> **EXERCISE PROMPT**: Restate exactly the lines of the entries below, beginning with the first and ending with the line that holds "2 Door Wardrobe". Pictures are not copied.

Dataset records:
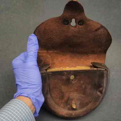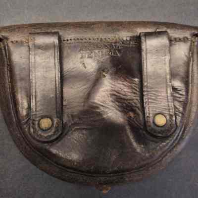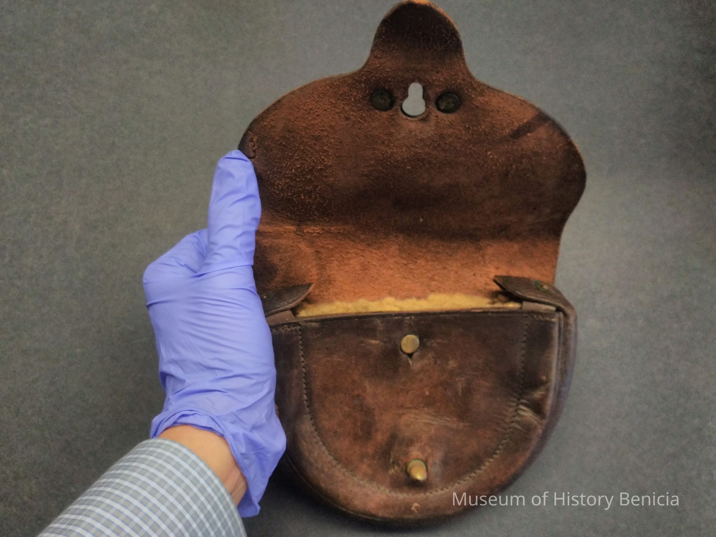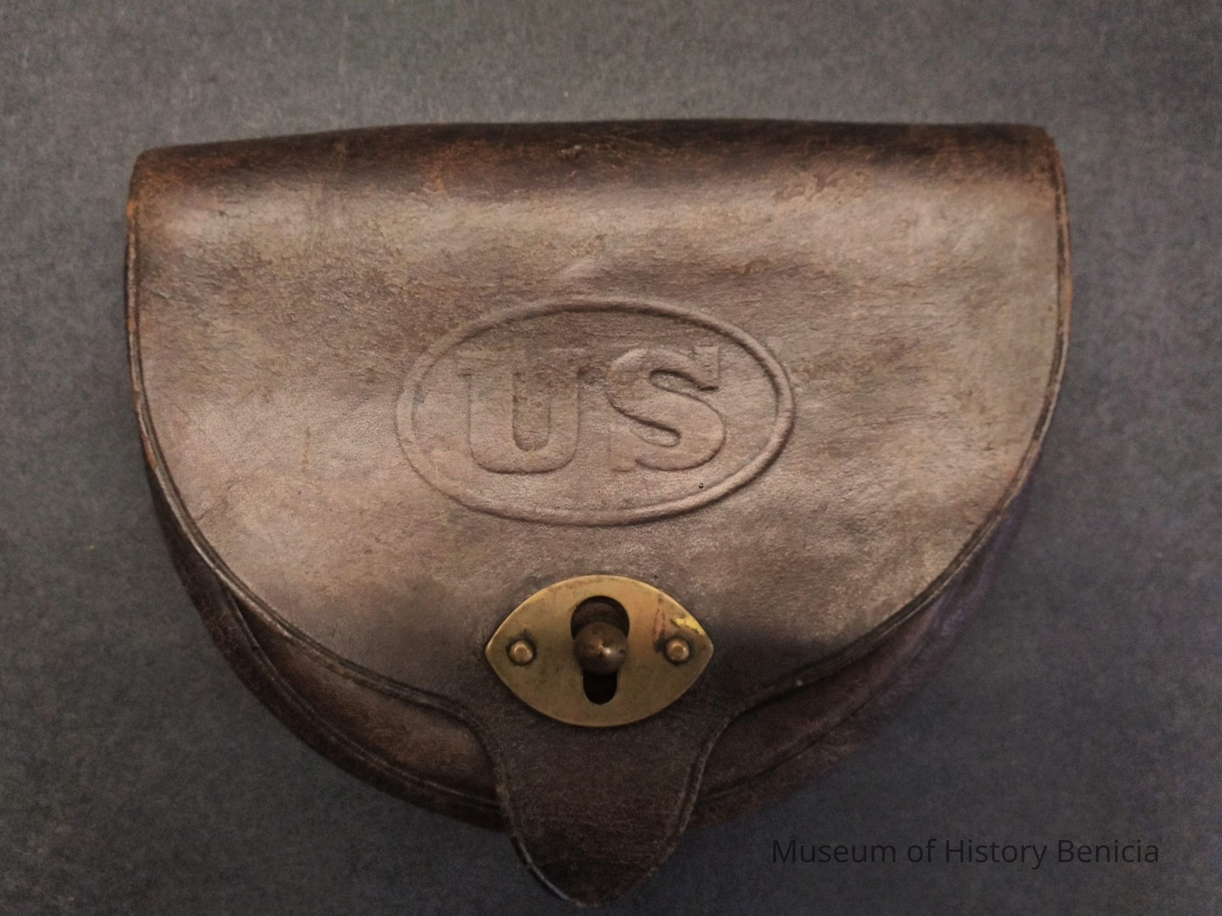 Model 1874 Dyer Cavalry Carbine Cartridge Box - Made of bridle leather, the front flap features a strong embossed “US” within an oval. There is a brass escutcheon on the closing tab. Made and marked “Benicia Arsenal” on the back. Two narrow belt loops are stitched and riveted on the back. These belt loops are stamped with inspector’s initials. The inner pouch has a pointy brass finial on the bottom to accept the closing tab of the outer flap and a flat brass “button” at the top to close an implement sleeve. This pattern is lined with a reddish wool fleece, to keep .45-70 cartridges from rattling about, and to keep them from developing verdigris, a common occurrence when cartridges were held in leather loops. The capacity was supposedly 40 rounds, but that was considerably more than was carried in these pouches.
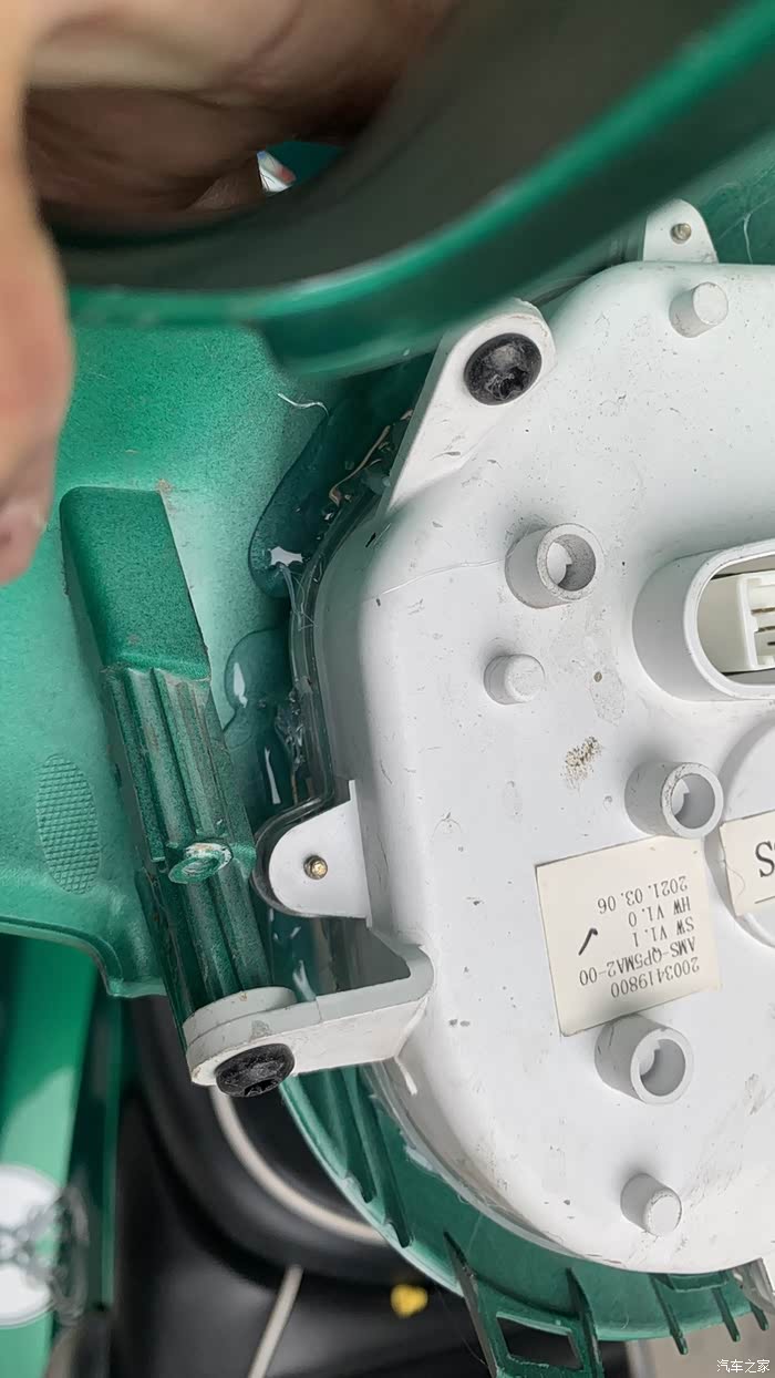 拆开外壳,直接往仪表和仪表旁边外壳接缝处打热熔胶。
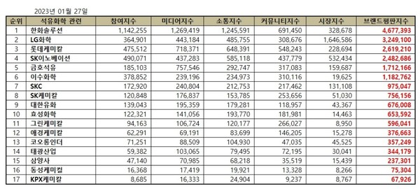 이넷뉴스와 한국기업평판연구소는 석유화학 관련 상장기업 17개 브랜드에 대해서 빅데이터 분석을 활용한 브랜드 평판조사를 실시하였다. 2022년 12월 27일부터 2023년 1월 27일까지의 석유화학 관련 상장기업 브랜드 빅데이터 21,038,783개를 분석하여 소비자들의 브랜드 평판을 분석하였다. 지난 12월 석유화학 관련 상장기업 브랜드 빅데이터 25,347,874개와 비교하면 17.00% 줄어들었다.
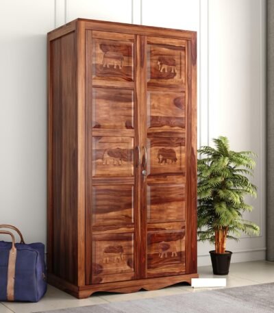 2 Door Wardrobe Organizer for Storage with 1 Shelves Storage & Hanging Space – Sheesham Wood Cupboard for Bedroom – Wooden Almirah Organizer for Clothes Storage
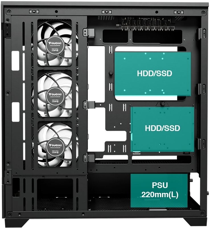 Однією з ключових особливостей ATLAS P1 є чотири вбудовані 120-мм вентилятори з підтримкою ARGB-підсвічування та PWM-керування. Вони забезпечують ефективне охолодження компонентів і дозволяють налаштовувати швидкість обертання для балансу між тишею та продуктивністю. Корпус також підтримує встановлення радіаторів рідинного охолодження до 420 мм зверху та збоку, що робить його придатним для потужних систем. Просторий внутрішній простір дозволяє розмістити відеокарти довжиною до 455 мм як у горизонтальній, так і у вертикальній орієнтації, а також сумісний із материнськими платами з прихованими конекторами для чистішого кабельного менеджменту.
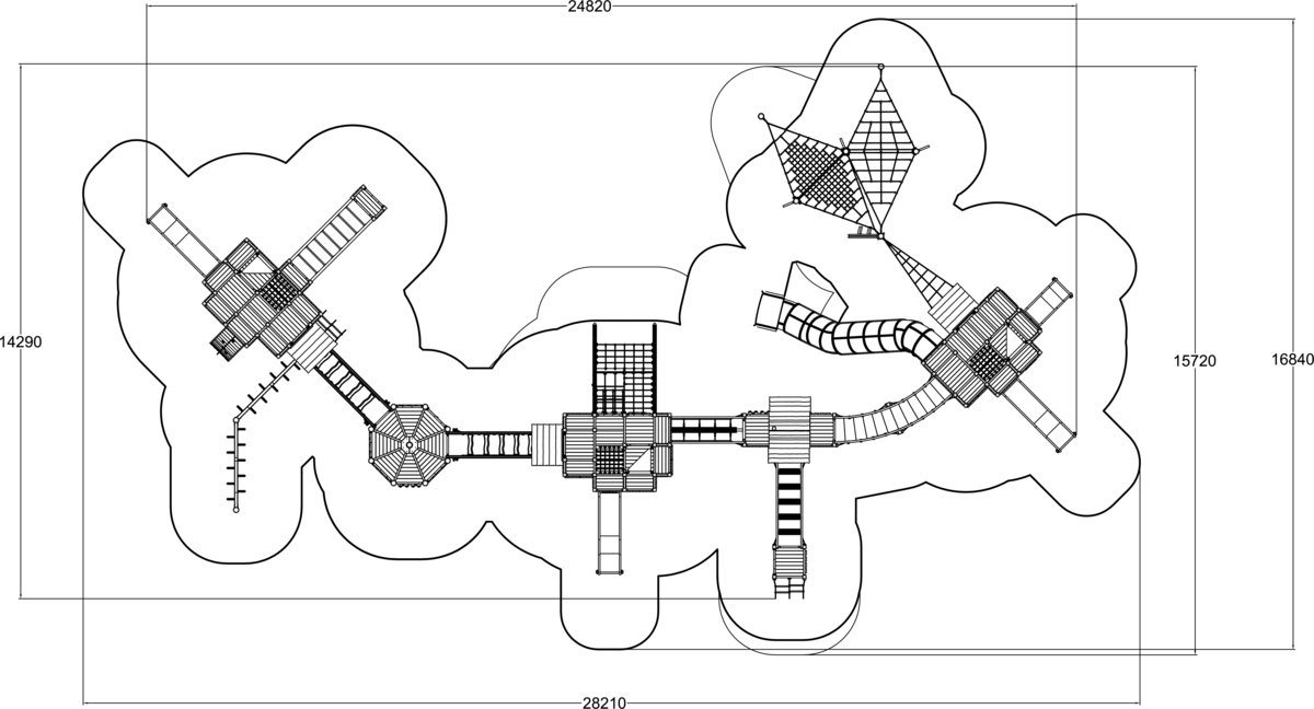 Этот масштабный игровой комплекс, выполненный в эко-стиле, воплощает собой средневековый замковый городок, состоящий из соединенных между собой деревянных башен и фортов. Конструкция, преимущественно из натурального дерева, украшена яркими зелеными акцентами на крышах и панелях. Комплекс предлагает бесконечное разнообразие игровых сценариев: здесь есть открытые и закрытые горки, мосты, сетчатые переходы и многочисленные лестницы, соединяющие все элементы воедино.
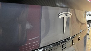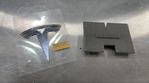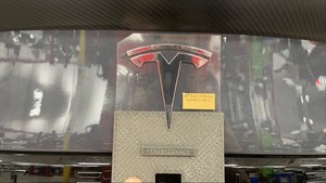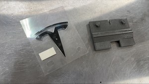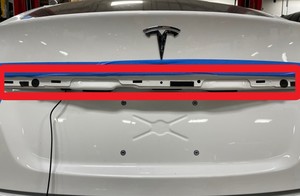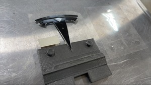 将带膜的 Tesla 车尾标固定在车标对齐工具上
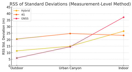Root sum square (RSS) of standard deviations for the measurement-level hybridization method across the outdoor, urban canyon, and indoor scenarios. This metric quantifies the internal precision of each method tested.
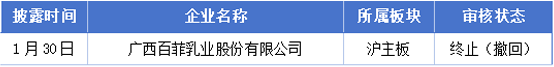 1月26日至2月1日期间,广西百菲乳业股份有限公司终止(撤回)了IPO。
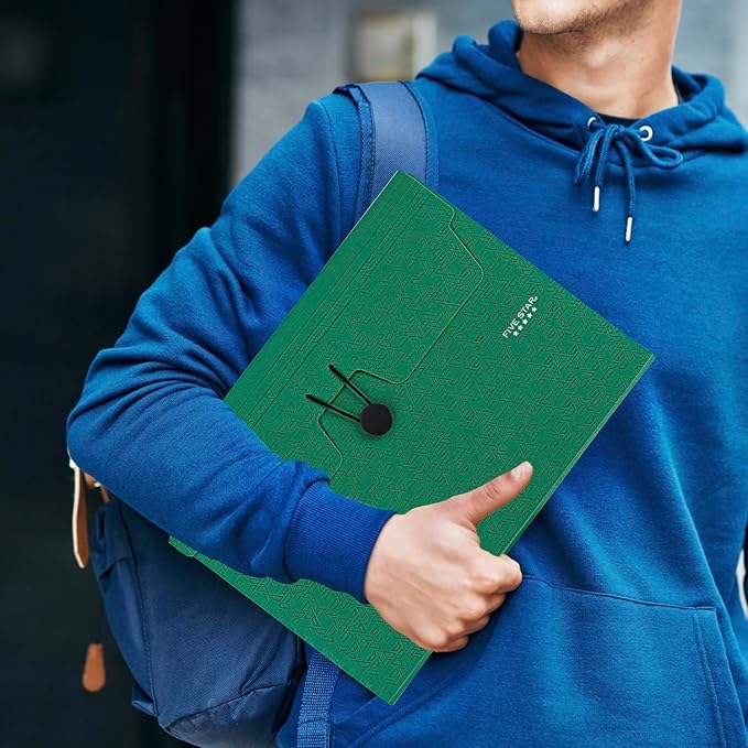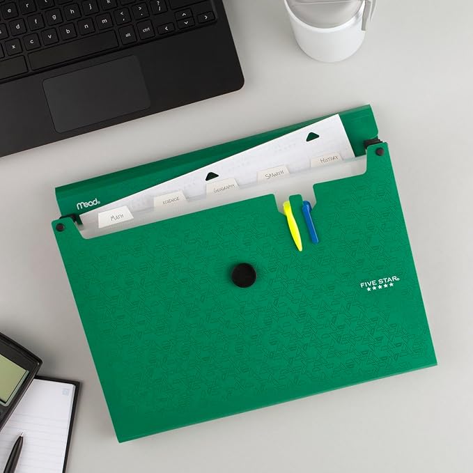 Five Star Expanding File Organizer, 6-Pocket Accordian File Organizer, Bungee Closure, Holds 11" x 8-1/2", Forest Green (350100D-ECM)
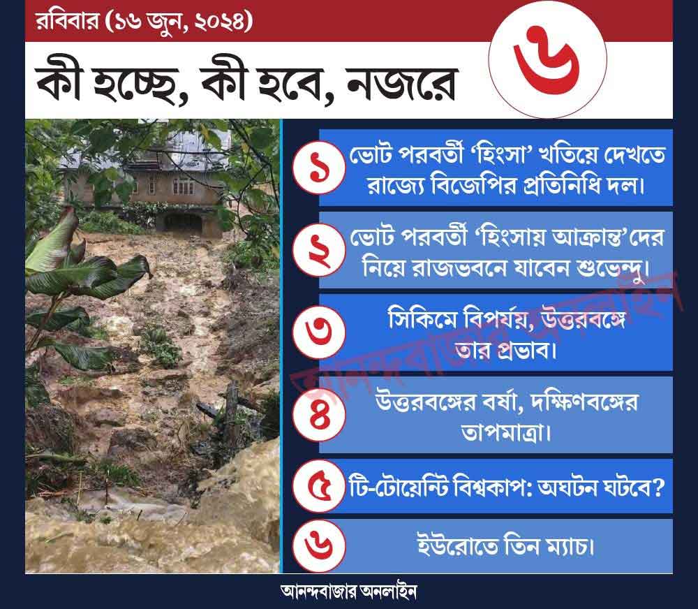 বিজেপির দাবি, ভোটের পর দেশের মধ্যে ‘হিংসা’ হয়েছে শুধু পশ্চিমবঙ্গেই। সেই হিংসার কারণ অনুসন্ধান করার জন্য চার সদস্যের দল পাঠানো হচ্ছে। দলের সদস্যদের নির্বাচন করেছেন বিজেপির সর্বভারতীয় সভাপতি জেপি নড্ডা। প্রতিনিধি দলে আছেন ত্রিপুরার প্রাক্তন মুখ্যমন্ত্রী তথা বর্তমান সাংসদ বিপ্লব দেব। তিনিই ওই কমিটির আহ্বায়ক। এ ছাড়া আছেন প্রাক্তন কেন্দ্রীয় মন্ত্রী তথা বর্তমান সাংসদ রবিশঙ্কর প্রসাদ, উত্তরপ্রদেশ পুলিশের প্রাক্তন ডিজি তথা বর্তমানে রাজ্যসভার সাংসদ ব্রিজলাল এবং মধ্যপ্রদেশের রাজ্যসভা সাংসদ কবিতা পাতিদার। আজ এই খবরে নজর থাকবে।
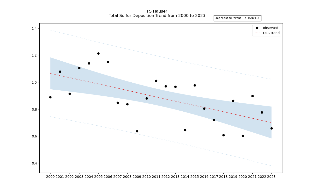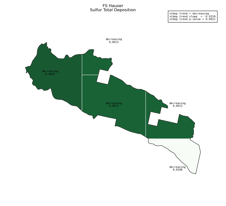 Annual averages for sulfur total deposition are calculated by clipping the gridded stdep data to the wilderness boundary, multiplying the total deposition value for each grid cell by its area inside the wilderness, summing stdep for all cells, then dividing that sum by the total area of the wilderness. These annual averages are then used to determine sulfur deposition trend inside the wilderness. Decreasing sulfur deposition indicates an improvement in wilderness character.

> **TASK SOLUTION**:
 Model 1874 Dyer Cavalry Carbine Cartridge Box - Made of bridle leather, the front flap features a strong embossed “US” within an oval. There is a brass escutcheon on the closing tab. Made and marked “Benicia Arsenal” on the back. Two narrow belt loops are stitched and riveted on the back. These belt loops are stamped with inspector’s initials. The inner pouch has a pointy brass finial on the bottom to accept the closing tab of the outer flap and a flat brass “button” at the top to close an implement sleeve. This pattern is lined with a reddish wool fleece, to keep .45-70 cartridges from rattling about, and to keep them from developing verdigris, a common occurrence when cartridges were held in leather loops. The capacity was supposedly 40 rounds, but that was considerably more than was carried in these pouches.
 拆开外壳,直接往仪表和仪表旁边外壳接缝处打热熔胶。
 이넷뉴스와 한국기업평판연구소는 석유화학 관련 상장기업 17개 브랜드에 대해서 빅데이터 분석을 활용한 브랜드 평판조사를 실시하였다. 2022년 12월 27일부터 2023년 1월 27일까지의 석유화학 관련 상장기업 브랜드 빅데이터 21,038,783개를 분석하여 소비자들의 브랜드 평판을 분석하였다. 지난 12월 석유화학 관련 상장기업 브랜드 빅데이터 25,347,874개와 비교하면 17.00% 줄어들었다.
 2 Door Wardrobe Organizer for Storage with 1 Shelves Storage & Hanging Space – Sheesham Wood Cupboard for Bedroom – Wooden Almirah Organizer for Clothes Storage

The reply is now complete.